P.S. like everyone else I have downloaded several free iOS iPad synths but I’ve never tried them beyond about 1 minute for kicks and really don’t expect to ever have the need unless I find myself stranded in an airport for several hours with some time to kill………
Of course this is only my perspective YMMV.


----------



## Markrs (Jul 24, 2021)

kgdrum said:


> @Markrs
> I honestly don’t understand the iOS synths conceptually,I guess if someone only has an iPad and has the capability of creating music is wonderful but it people like you and me have a computer based DAW,why would I ever want to use a synth on my iPad or iPhone?
> P.S. like everyone else I have downloaded several free iOS iPad synths but I’ve never tried them and really don’t expect to ever have the need unless I find myself stranded in an airport for several hours with some time to kill………
> Of course this is only my perspective YMMV.


Mainly the fact that the iPad weights 400 grams but is as powerful as many laptops, it is touch based which is nice for interacting with a synth. On top of that I have Staffpad on iOS for orchestral compositions so I can add in synth elements using Cubasis giving me complete compositions just within iOS.

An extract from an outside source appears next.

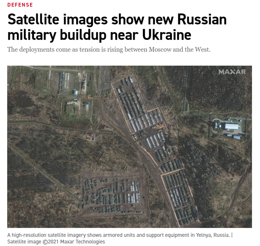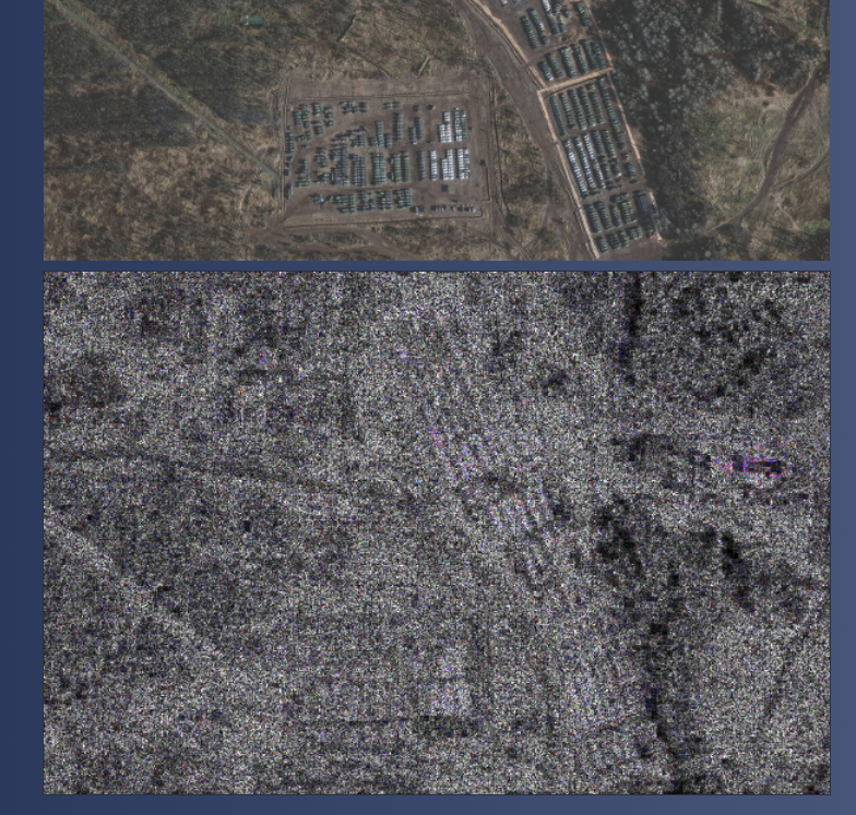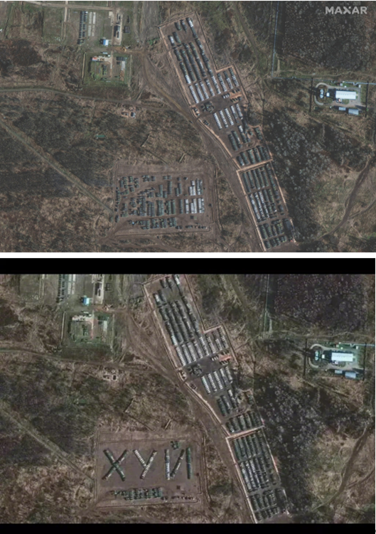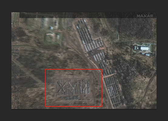 - 此图片与美国卫星公司MAXAR Technology在2021年11月公布的展示“俄罗斯叶尔尼耶地区装甲部队和支持设备”的图片高度相似,但网传图片中下方的装甲设备的摆放形状较原图有明显不同。原图中的装甲设备呈线状分布,而网传图片对此部分进行了PS处理。

Also apps like AUM allow for interesting ways to create music. I like composing on a desktop as well but with the iPad I can be anywhere composing all day long.

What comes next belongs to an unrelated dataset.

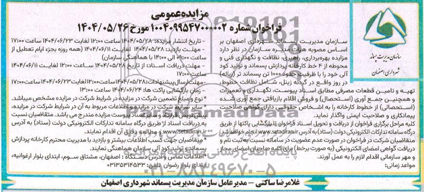 سازمان مدیریت پسماند شهرداری اصفهان بر اساس مصوبه هیات مدیره سازمان در نظر دارد مزایده بهره برداری، راهبری، نظافت و نگهداری فنی و محوطه از 4 خط کارخانه پردازش پسماند و تولید کود آلی خود را با ظرفیت حدود 1000 تن پسماند تر (زباله) در روز واقع در گردنه زینل، شامل نظافت خطوط، تهیه و تامین قطعات مصرفی مطابق اسناد پیوست، نگهداری و تعمیرات و همچنین جمع آوری (استحصال) و فروش اقلام بازیافتی جمع آوری شده استحصالی از خطوط کارخانه را به اشخاص حقوقی دارای گواهی صلاحیت پیمانکاری و صلاحیت ایمنی واگذار نماید.

Some of the Synths on iOS are very good, like Drambo, miRack (VCV fork), DRC or FRMS, ID700 (based on a Buchla 700), plus some really crazy out there Synths.


----------



## Reid Rosefelt (Jul 24, 2021)

Markrs said:


> I am interested to know if others use it, especially if you have decent alternatives and what specifically appeals? My instinct is that Pigments offers the same visual programming as well as synthesis types as synthmaster, so would be a duplication.


Synthmaster 2 includes so many kinds of synthesis that it has built up a reputation as a synth where you can make the sounds from practically any synth. And that's what you can get by buying presets. Sometimes they have sales where the presets are sold for very little. Synthmaster One was created in response to the general feeling that Synthmaster 2 was too hard to program. It's a completely different synth, and much more fun to program--I have no idea why they didn't give it a different name. Worst marketing idea ever.


kgdrum said:


> @Markrs
> I honestly don’t understand the iOS synths conceptually,I guess if someone only has an iPad and has the capability of creating music is wonderful but it people like you and me have a computer based DAW,why would I ever want to use a synth on my iPad or iPhone?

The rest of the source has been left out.